The following table is an analysis of the change in Other Real Estate Owned for
the years ended December 31, 1995 and 1994.
<TABLE>
<CAPTION>
1995 1994
-------------------------
<S> <C> <C>
Balance at January 1 $ 100,000 $ 325,000
Charge-offs 19,000 225,000
--------- ---------
Balance at December 31, $ 81,000 $ 100,000
--------- ---------
--------- ---------
</TABLE>
The Company continued a loan review program which monitors the loan
portfolio on an ongoing basis. Loan review is conducted by a loan review
officer and is reported quarterly to the Loan Review Committee of the Board of
Directors. The Bank's board of directors reviews the findings of the loan
review program on a monthly basis. Based on the recommendations of this
program, past performance of the Bank's loan portfolio and general economic
conditions, management believes that the reserve for loan losses is reasonable
and would be adequate to absorb potential losses related to problem assets.
18
<PAGE>
CAPITAL RESOURCES
The shareholders' equity of the Company as of December 31, 1995
totaled approximately $7,782,000 compared to approximately $6,514,000 as of
December 31, 1994.
Book value per share of the Company's common stock increased from
$5.31 as of December 31, 1994 to $6.35 as of December 31, 1995. The increase
was attributable to net income of $.41 per share and the increase in fair value
of securities available-for-sale, net of deferred income taxes of $.63 per
share for the year ended December 31, 1995.

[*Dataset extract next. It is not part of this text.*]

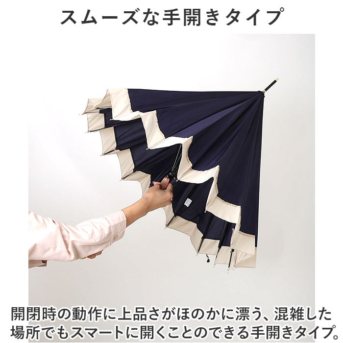 ・開閉時の動作に上品さがほのかに漂う、混雑した場所でもスマートに開くことのできる手開きタイプ。

REGULATORY CAPITAL REQUIREMENTS
THE FOLLOWING TABLE PRESENTS THE BANK'S CAPITAL RATIOS AT DECEMBER 31,
1995:
<TABLE>
<S> <C>
TIER I CAPITAL $7,688,000
TIER II CAPITAL 1,038,000
TOTAL CAPITAL $8,726,000
TOTAL AVERAGE QUARTERLY ASSETS $123,786,000
TOTAL RISK-WEIGHTED ASSETS(1) 82,931,000
TIER I RISK-BASED CAPITAL RATIO(2) 9.27%
REQUIRED TIER I RISK-BASED CAPITAL RATIO 4.00%
EXCESS TIER I RISK-BASED CAPITAL RATIO 5.27%
TOTAL RISK BASED CAPITAL RATIO(3) 10.52%
REQUIRED TOTAL RISK BASED CAPITAL RATIO 8.00%
EXCESS TOTAL RISK BASED CAPITAL RATIO 2.52%
TIER I LEVERAGE RATIO(4) 6.21%
REQUIRED TIER I LEVERAGE RATIO 5.00%
EXCESS TIER I LEVERAGE RATIO 1.21%
<FN>
(1) Includes off-balance sheet items at credit-equivalent values.
(2) Tier I Risk-Based Capital Ratio is defined as the ratio of Tier I Capital
to Total Risk-Weighted Assets.
(3) Total Risk-Based Capital Ratio is defined as the ratio of Tier I and Tier
II Capital to Total Risk-Weighted Assets.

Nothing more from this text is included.